Worsening of asthma has been reported in patients using azelaic acid formulations including azelaic acid gel. Consult a physician if asthma is exacerbated with use of azelaic acid gel.


6.1 Clinical Trials Experience

Because clinical trials are conducted under widely varying conditions, adverse reaction rates observed in the clinical trials of a drug cannot be directly compared to rates in the clinical trials of another drug and may not reflect the rates observed in practice.

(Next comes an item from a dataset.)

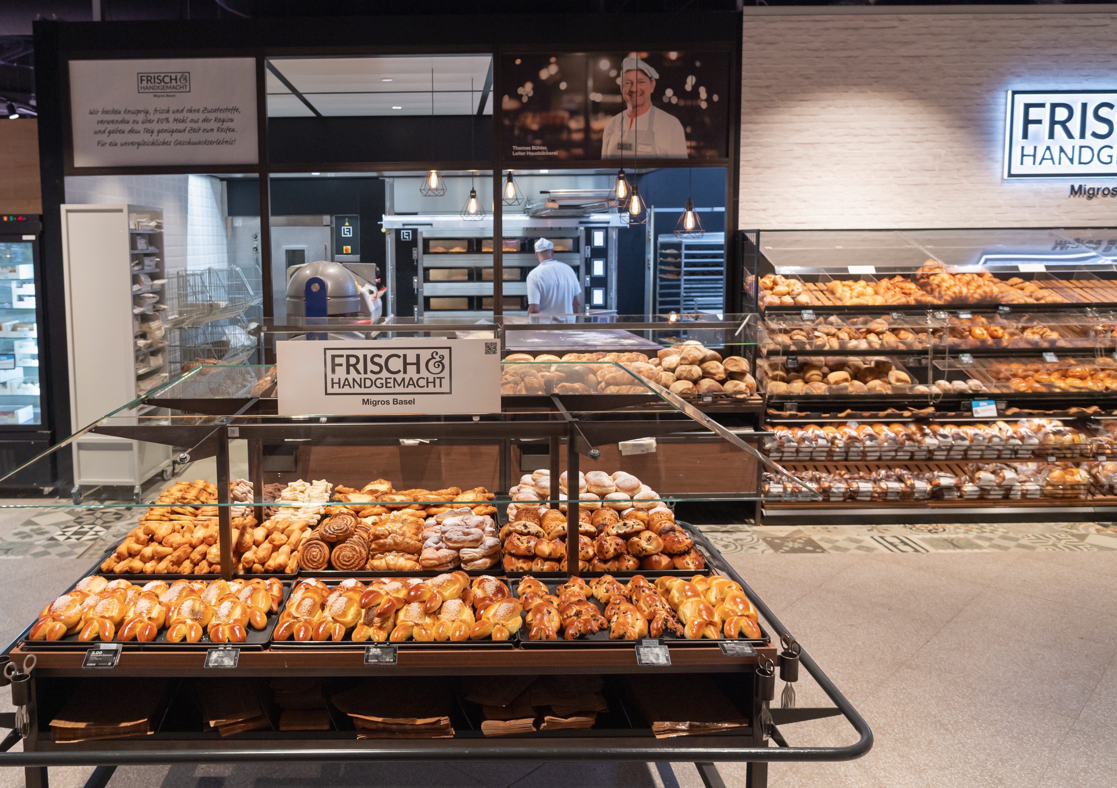 Die Migros Bubendorf wurde am 23. August 2007 nach einjähriger Bauzeit eröffnet. Die Genossenschaft hat damals 22 Millionen in den Neubau investiert. Auch nach 17 Jahren ist die Migros Bubendorf noch immer ein wichtiger Standort für die Region. Daher hat die Migros Basel die Filiale während sieben Monaten etappenweise umgebaut und insgesamt über sieben Millionen Franken investiert. Mit einem Provisorium konnte die Filiale durch die gesamte Umbauphase für die Kundschaft geöffnet bleiben. Die Kundinnen und Kunden profitieren neu von einem moderneren Einkauferlebnis und einem vergrösserten Angebot. So wurde die Hausbäckerei offener gestaltet, wodurch die Kundschaft nun das Handwerk der Mitarbeitenden, die täglich ein breites Sortiment an Brot und Feinbackwaren frisch zubereiten, noch besser erleben können. Auch der beliebte Bubendorfer Buurezopf ist wieder zurück im Sortiment. Weiter konnten die Bedientheke der Metzgerei und die Käsetheke im Zuge des Umbaus modernisiert werden. Bei der Käsetheke werden regionale oder Bio-Halbhart- und Hartkäsesorten im Humidor weitergereift. Das Fischsortiment trumpft auf mit einer Vielzahl ganzer und filetierter Fische sowie frisch vor Ort und nach Wunsch zubereiteten Spezialitäten und einem Smoker, in dem Lachs in verschiedenen Variationen geräuchert wird. Ebenfalls selbst hergestellt und auch vor Ort gebacken wird der Fleischkäse, welcher an der benachbarten Fleischtheke frisch zubereitet wird. An allen Theken werden die Kundinnen und Kunden weiterhin durch die Mitarbeitenden kompetent beraten.

In two vehicle-controlled and one active-controlled U.S. clinical trials, treatment safety was monitored in 788 subjects who used twice-daily azelaic acid gel for 12 weeks (N=333) or 15 weeks (N=124), or the gel vehicle (N=331) for 12 weeks. In all three trials, the most common treatment-related adverse events were: burning/stinging/tingling (29%), pruritus (11%), scaling/dry skin/xerosis (8%) and erythema/irritation (4%). In the active-controlled trial, overall adverse reactions (including burning, stinging/tingling, dryness/tightness/scaling, itching, and erythema/irritation/redness) were 19.4% (24/124) for azelaic acid gel compared to 7.1% (9/127) for the active comparator gel at 15 weeks.

Table 1: Adverse Events Occurring in ≥1% of Subjects in the Rosacea Trials by Treatment Group and Maximum Intensity *
Azelaic Acid Gel, 15%N=457(100%) VehicleN=331(100%)
MildN=99(22%) ModerateN=61(13%) SevereN=27(6%) MildN=46(14%) ModerateN=30(9%) SevereN=5(2%)
Subjects may have >1 cutaneous adverse event; thus, the sum of the frequencies of preferred terms may exceed the number of subjects with at least 1 cutaneous adverse event.
Burning/stinging/tingling 71 (16%) 42 (9%) 17 (4%) 8 (2%) 6 (2%) 2 (1%)
Pruritus 29 (6%) 18 (4%) 5 (1%) 9 (3%) 6 (2%) 0 (0%)
Scaling/dry skin/xerosis 21 (5%) 10 (2%) 5 (1%) 31 (9%) 14 (4%) 1 (<1%)
Erythema/irritation 6 (1%) 7 (2%) 2 (<1%) 8 (2%) 4 (1%) 2 (1%)
Contact dermatitis 2 (<1%) 3 (1%) 0 (0%) 1 (<1%) 0 (0%) 0 (0%)
Edema 3 (1%) 2 (<1%) 0 (0%) 3 (1%) 0 (0%) 0 (0%)
Acne 3 (1%) 1 (<1%) 0 (0%) 1 (<1%) 0 (0%) 0 (0%)

In patients using azelaic acid formulations, the following adverse events have been reported: worsening of asthma, vitiligo, depigmentation, small depigmented spots, hypertrichosis, reddening (signs of keratosis pilaris) and exacerbation of recurrent herpes labialis.

Local Tolerability Studies

Azelaic acid gel and its vehicle caused irritant reactions at the application site in human dermal safety studies. Azelaic acid gel caused significantly more irritation than its vehicle in a cumulative irritation study. Some improvement in irritation was demonstrated over the course of the clinical trials, but this improvement might be attributed to subject dropouts. No phototoxicity or photoallergenicity were reported in human dermal safety studies.